Tribunal Administratif de Lyon — Décision N° TA69-2407001

vendredi 18 juillet 2025

JuridictionTribunal Administratif de Lyon
SectionTribunal Administratif de Lyon
N° DossierTA69-2407001
TypeDécision
RecoursExcès de pouvoir
PublicationD
Formation7ème chambre
Avocat requérantSHIBABA

Résumé IA

Le Tribunal Administratif de Lyon, saisi en excès de pouvoir par la société Mauran-Delon et M. B, a rejeté leur requête. Le tribunal a jugé irrecevables les conclusions principales visant à faire constater une acceptation implicite et à obtenir des injonctions, ces dernières ne relevant pas du juge de l’excès de pouvoir. Il a également estimé que la demande d’autorisation de travail, adressée par voie postale et non via le téléservice obligatoire prévu par l’article R. 5221-15 du code du travail, était irrégulière et n’avait pu faire naître une décision implicite de rejet susceptible d’être annulée.

Texte intégral

Vu la procédure suivante :

Par une requête, enregistrée le 15 juillet 2024, la société par actions simplifiée Mauran-Delon et M. A B, représentés par Me Shibaba, demandent au tribunal :

1°) de juger que le silence de l'administration vaut acceptation et autorisation de travail et d'enjoindre à la préfète du Rhône de délivrer une autorisation de travail à M. B ainsi qu'une carte de séjour portant la mention " salarié ", dans un délai de 15 jours à compter de la notification du jugement et sous astreinte de 300 euros par jour de retard ;

2°) à titre subsidiaire, d'annuler la décision implicite par laquelle la préfète du Rhône a rejeté la demande d'autorisation de travail formée par la société Mauran-Delon pour M. B ;

3°) de mettre à la charge de l'État la somme de 5 000 euros à verser à leur conseil au titre des dispositions combinées de l'article L. 761-1 du code de justice administrative et 37 de la loi du 10 juillet 1991 relative à l'aide juridique.

Ils soutiennent que :

- le silence gardé par l'administration sur la demande d'autorisation de travail a fait naître une décision implicite d'acceptation, en application de l'article L. 231-1 du code des relations entre le public et l'administration ;

- à titre subsidiaire, la décision contestée est entachée d'un défaut de motivation ;

- elle est entachée d'une erreur de droit ;

- elle est entachée d'une erreur manifeste d'appréciation.

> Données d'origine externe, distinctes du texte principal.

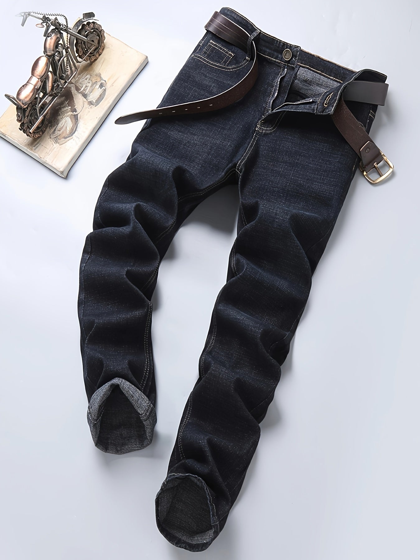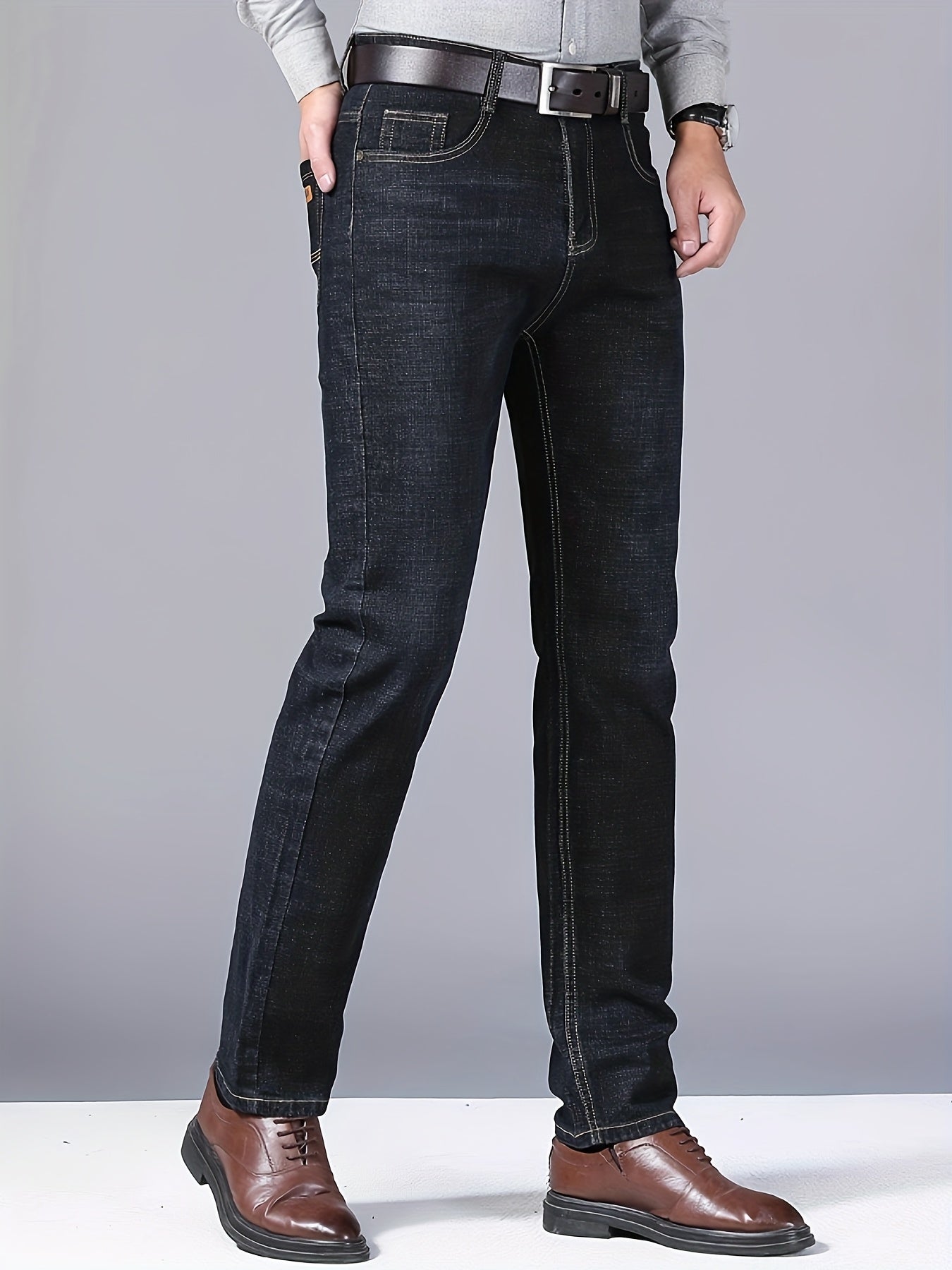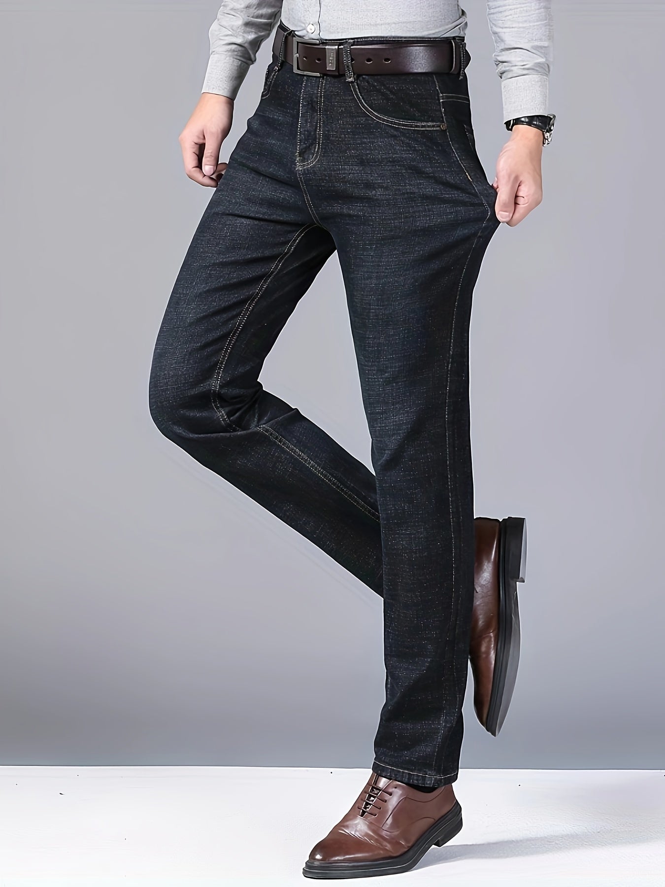 Мужские брюки чинос классического кроя однотонного цвета для всех сезонов из денима

La requête a été communiquée à la préfète du Rhône qui n'a pas produit d'observations.

Par une lettre du 30 juin 2025, les parties ont été informées, en application de l'article R. 611-7 du code de justice administrative :

- de ce que le tribunal était susceptible de fonder son jugement sur un moyen relevé d'office tiré de l'irrecevabilité des conclusions à fin d'injonction présentées à titre principal, dès lors qu'il n'appartient pas au juge de prononcer des injonctions en dehors des cas prévus par les articles L. 911-1 et L. 911-2 du code de justice administrative,

- et de ce que le tribunal était susceptible de fonder son jugement sur un moyen relevé d'office tiré de l'irrecevabilité des conclusions à fin d'annulation, présentées à titre subsidiaire, dès lors que la demande d'autorisation de travail a été irrégulièrement formulée par voie postale et ne répondait pas aux conditions de recevabilité et complétudes d'une telle demande, et n'a ainsi pas pu faire naître une décision implicite de rejet.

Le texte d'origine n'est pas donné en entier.